Summaries of all these variables have been presented in blog posts (see references). Q1, Q9 and Q10 were used in multivariate analyses (see references) but Q9 and Q10 did not feature in the interpretation and Q1 has inconsistencies with Q8. For the latter we give priority to Q8, the employment status of respondents at the time they completed the survey.
Of the remaining variables, we consider Q2, Q3, Q7, Q8, Q11, and Q13_F to be implicit identifiers (key variables).
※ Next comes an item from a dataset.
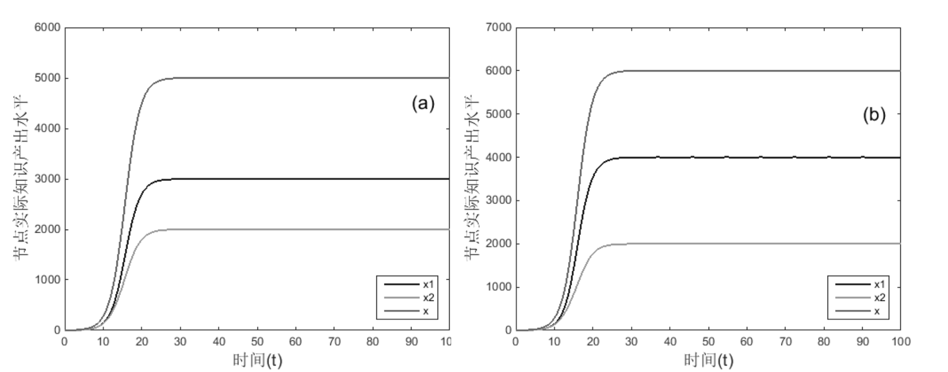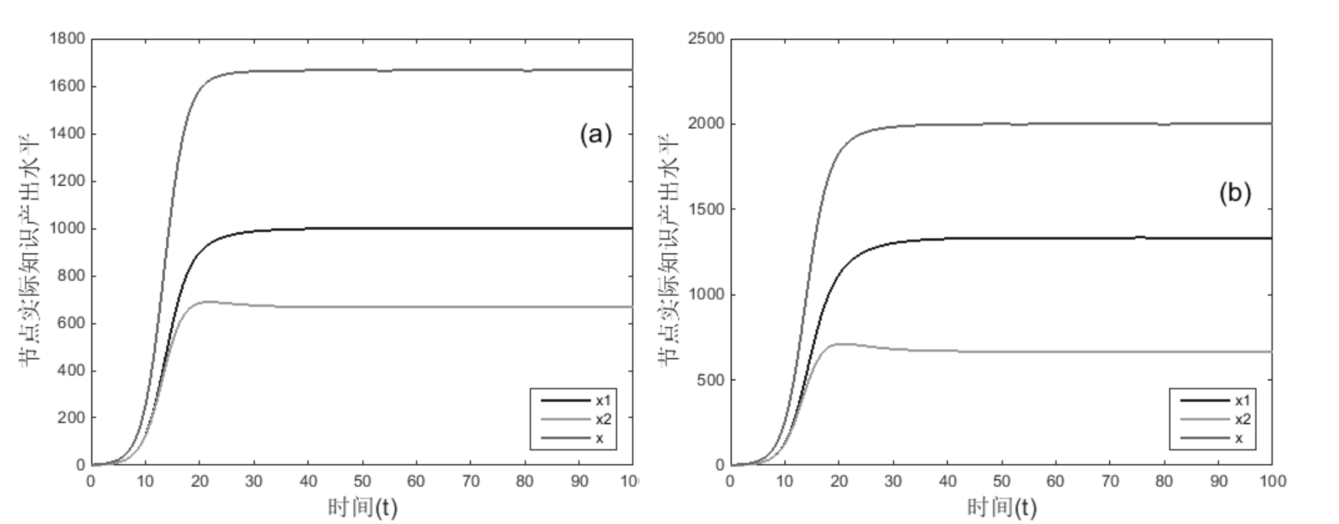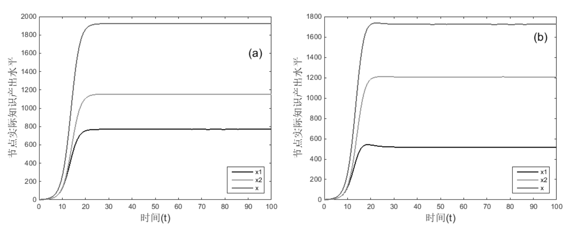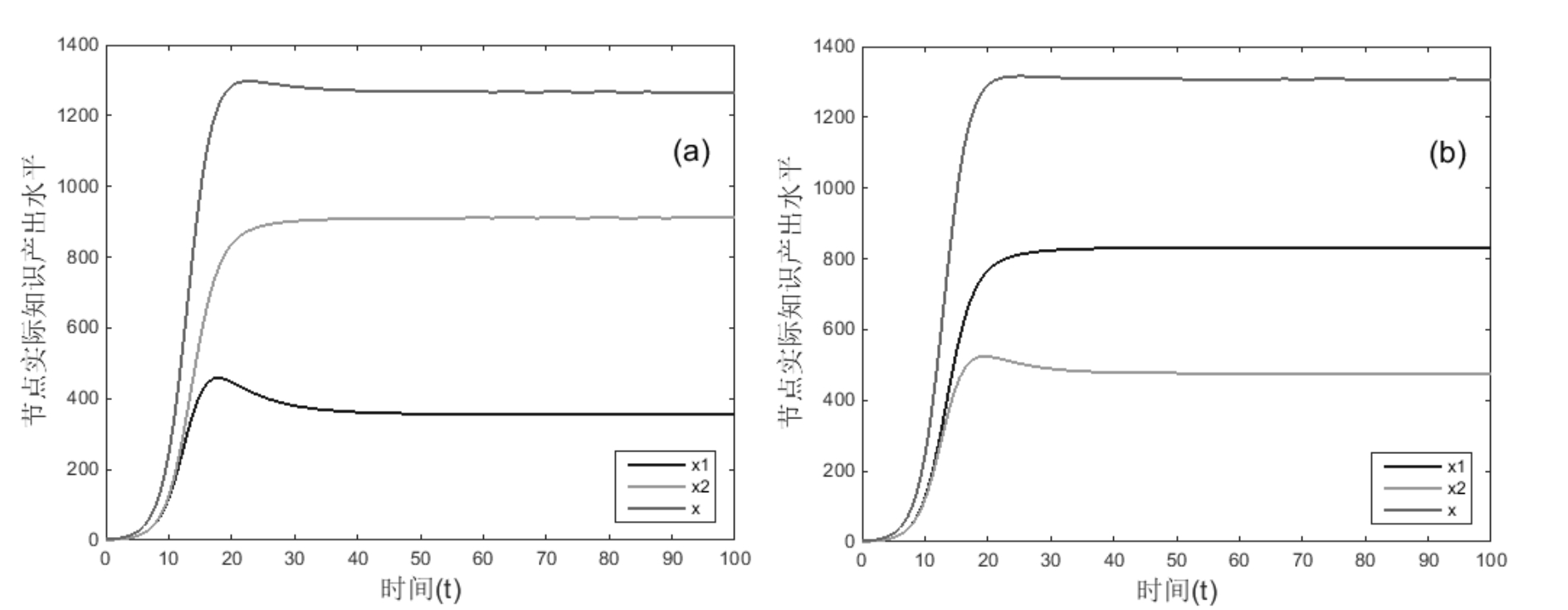αij=αji=0,增长率r变化,其它不变,运行结果如图14所示。对比图7(a)和图14,可得运行结果10:处于互惠关系节点的增长率差值|r1-r2|对共生关系达到平衡后的总实际知识产出水平无显著影响,对达到平衡的时间具有显著正向影响;节点增长率r对实际知识产出水平x具有显著正向影响。

These variables were modified to achieve 3-anonymity, i.e. the smallest subgroup identifiable from combinations of these variables is at least of size 3. In particular, the following modifications were made
- Q2
Non-binary grouped with missing; all other key variables for this group suppressed (set to NA).
- Q3
Year of birth converted to approximate age groups: "> 35" and "35 and under"; age group suppressed for 14 individuals.
- Q7
Highest education level aggregated to two groups: "Doctorate/Professional" and "Masters and under"; highest education level suppressed for 3 individuals.
- Q8
Employment status aggregated to three groups: "Non-academic" (includes employment in industry, government, non-profit, self-employed) and "Academic" (includes retired, unemployed, student).
- Q11
Length of R usage aggregated to four groups: combined groups corresponding to shortest times into "< 2 years" group.
- Q13_F
Suppressed for two individuals.
In addition specific values containing personal/personally identifiable information were suppressed in Q19_H, Q22_B and Q23_B.
Author(s)
Heather Turner and Oliver Keyes
References
Bollmann, S., Cook, D., Debelak, R., Dumas, J., Fox, J., Josse, J., Keyes, O., Strobl, C. and Turner, H. (2017) Mapping useRs https://forwards.github.io/blog/2017/01/13/mapping-users/.
Bollmann, S., Cook, D., Debelak, R., Dumas, J., Fox, J., Josse, J., Keyes, O., Strobl, C. and Turner, H. (2017) useRs Relationship with R https://forwards.github.io/blog/2017/03/11/users-relationship-with-r/.
Josse, J. and Turner, H. (2017) useR! 2016 participants and R programming: a multivariate analysis https://forwards.github.io/docs/mca_programming_user2016_survey/.
Josse, J. and Turner, H. (2017) useR! 2016 participants and the R community: a multivariate analysis https://forwards.github.io/docs/mca_community_user2016_survey/.
Examples
# cross-tabulate age and length of time using R
xtabs(~ Q3 + Q11, data = useR2016)
# fit a logistic regression with "contribute to or write packages" predicted by
# gender, length of R usage, employment status, and community belonging
response <- with(useR2016,
ifelse(!is.na(Q13_D) | !is.na(Q13_E) | !is.na(Q13_F), 1, 0))
glm(response ~ Q2 + Q11 + Q8 + Q18, data = useR2016)